## GIVEN RECORDS:
---

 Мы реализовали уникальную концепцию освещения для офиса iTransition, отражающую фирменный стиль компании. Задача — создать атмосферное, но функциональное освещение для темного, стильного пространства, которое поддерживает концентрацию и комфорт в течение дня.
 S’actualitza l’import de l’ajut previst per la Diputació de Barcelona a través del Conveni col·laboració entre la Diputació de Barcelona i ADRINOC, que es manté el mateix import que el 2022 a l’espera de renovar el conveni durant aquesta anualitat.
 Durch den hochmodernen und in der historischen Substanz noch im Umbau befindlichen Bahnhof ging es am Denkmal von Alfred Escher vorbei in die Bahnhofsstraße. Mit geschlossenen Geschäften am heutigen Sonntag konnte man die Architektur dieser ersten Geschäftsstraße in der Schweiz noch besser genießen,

---

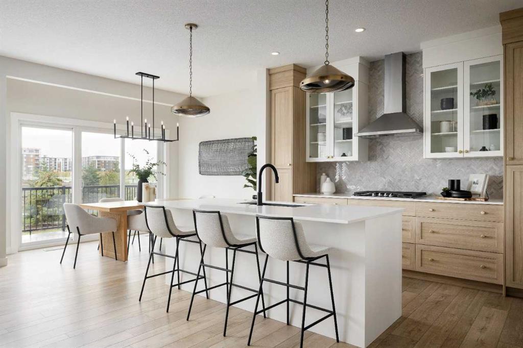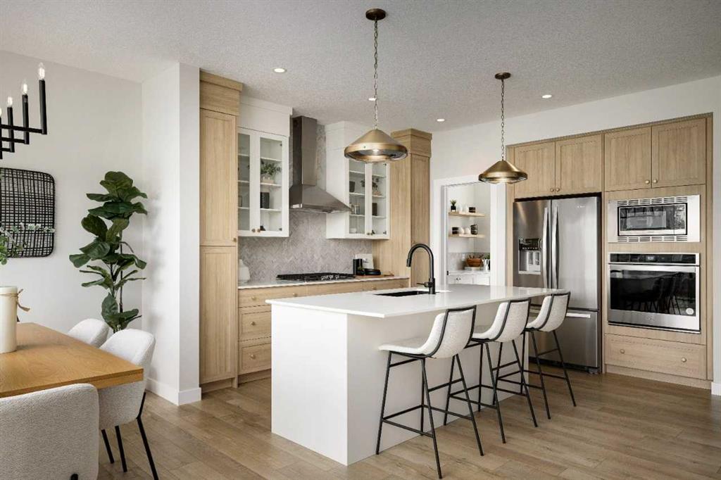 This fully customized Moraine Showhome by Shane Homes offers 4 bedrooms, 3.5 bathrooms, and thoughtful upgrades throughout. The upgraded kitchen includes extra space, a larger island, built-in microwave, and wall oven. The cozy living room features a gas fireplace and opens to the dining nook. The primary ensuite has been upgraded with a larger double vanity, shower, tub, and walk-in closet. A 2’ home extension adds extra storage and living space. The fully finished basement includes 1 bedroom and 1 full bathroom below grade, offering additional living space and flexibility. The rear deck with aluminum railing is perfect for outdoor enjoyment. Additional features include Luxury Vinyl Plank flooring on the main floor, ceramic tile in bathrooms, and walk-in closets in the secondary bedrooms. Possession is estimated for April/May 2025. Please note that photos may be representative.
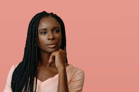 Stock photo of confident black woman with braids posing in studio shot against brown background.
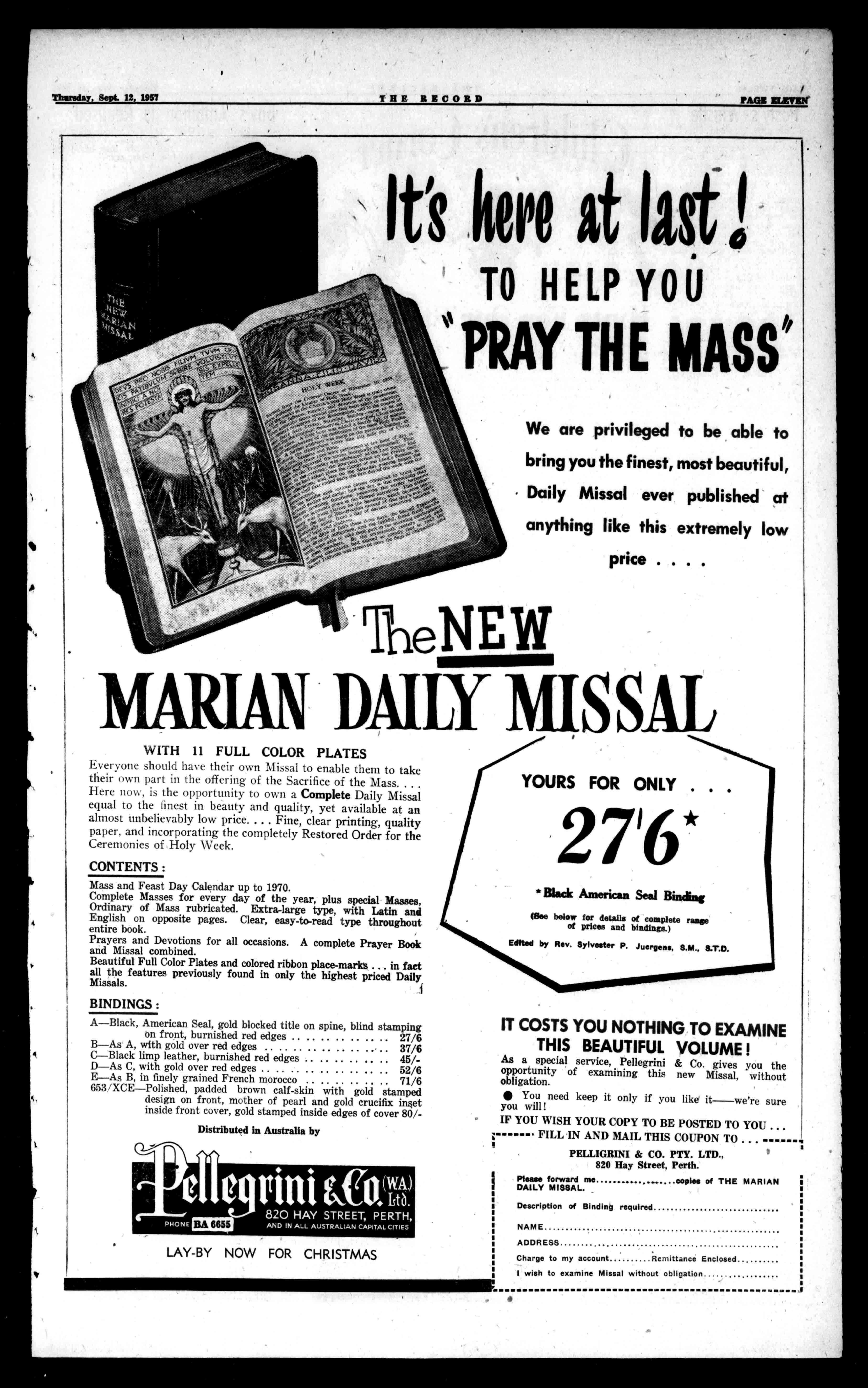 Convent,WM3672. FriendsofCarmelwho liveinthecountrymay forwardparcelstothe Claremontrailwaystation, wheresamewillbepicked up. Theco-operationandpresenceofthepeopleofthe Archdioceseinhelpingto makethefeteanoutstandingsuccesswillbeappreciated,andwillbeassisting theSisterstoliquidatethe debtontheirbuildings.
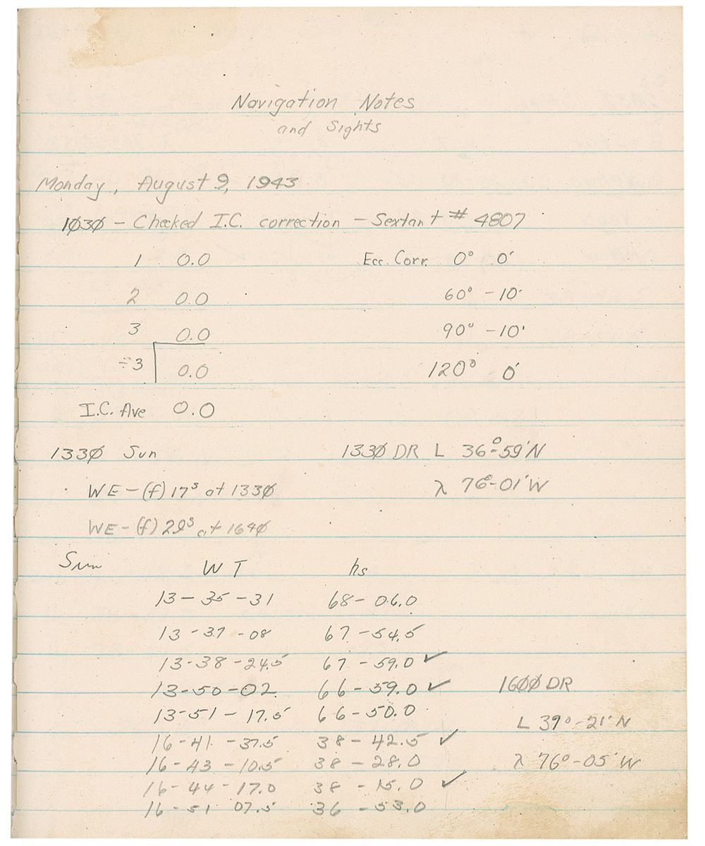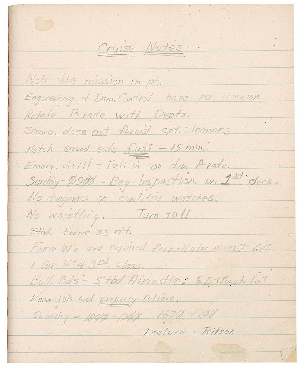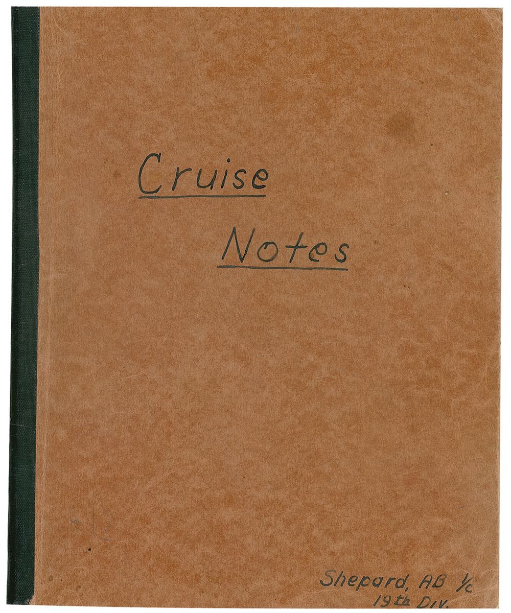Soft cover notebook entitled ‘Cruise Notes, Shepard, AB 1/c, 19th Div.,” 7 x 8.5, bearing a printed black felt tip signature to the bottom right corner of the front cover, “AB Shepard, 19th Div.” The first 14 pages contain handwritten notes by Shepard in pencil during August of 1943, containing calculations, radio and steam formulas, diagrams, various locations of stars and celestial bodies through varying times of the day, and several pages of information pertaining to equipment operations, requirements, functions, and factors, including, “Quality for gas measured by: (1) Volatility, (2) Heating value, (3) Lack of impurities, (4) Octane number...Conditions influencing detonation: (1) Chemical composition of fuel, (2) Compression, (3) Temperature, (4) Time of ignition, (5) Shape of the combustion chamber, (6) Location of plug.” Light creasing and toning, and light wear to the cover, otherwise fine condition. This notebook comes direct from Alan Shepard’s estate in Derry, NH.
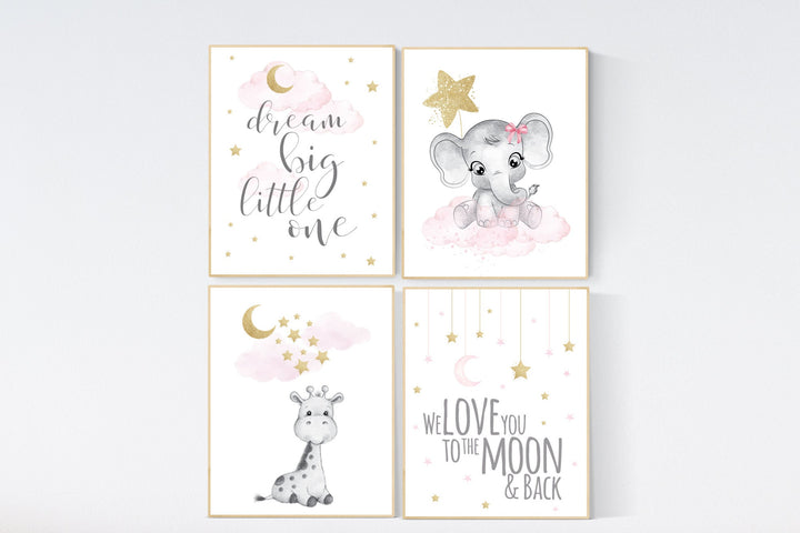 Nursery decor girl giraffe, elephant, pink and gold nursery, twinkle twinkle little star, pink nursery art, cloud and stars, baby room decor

---

## WORK ITEM:
Everything between and including the line above containing "This fully customized" and the line containing "Stock photo of" should be reproduced exactly, with pictures excluded.

## THE COMPLETED TASK:
 This fully customized Moraine Showhome by Shane Homes offers 4 bedrooms, 3.5 bathrooms, and thoughtful upgrades throughout. The upgraded kitchen includes extra space, a larger island, built-in microwave, and wall oven. The cozy living room features a gas fireplace and opens to the dining nook. The primary ensuite has been upgraded with a larger double vanity, shower, tub, and walk-in closet. A 2’ home extension adds extra storage and living space. The fully finished basement includes 1 bedroom and 1 full bathroom below grade, offering additional living space and flexibility. The rear deck with aluminum railing is perfect for outdoor enjoyment. Additional features include Luxury Vinyl Plank flooring on the main floor, ceramic tile in bathrooms, and walk-in closets in the secondary bedrooms. Possession is estimated for April/May 2025. Please note that photos may be representative.
 Stock photo of confident black woman with braids posing in studio shot against brown background.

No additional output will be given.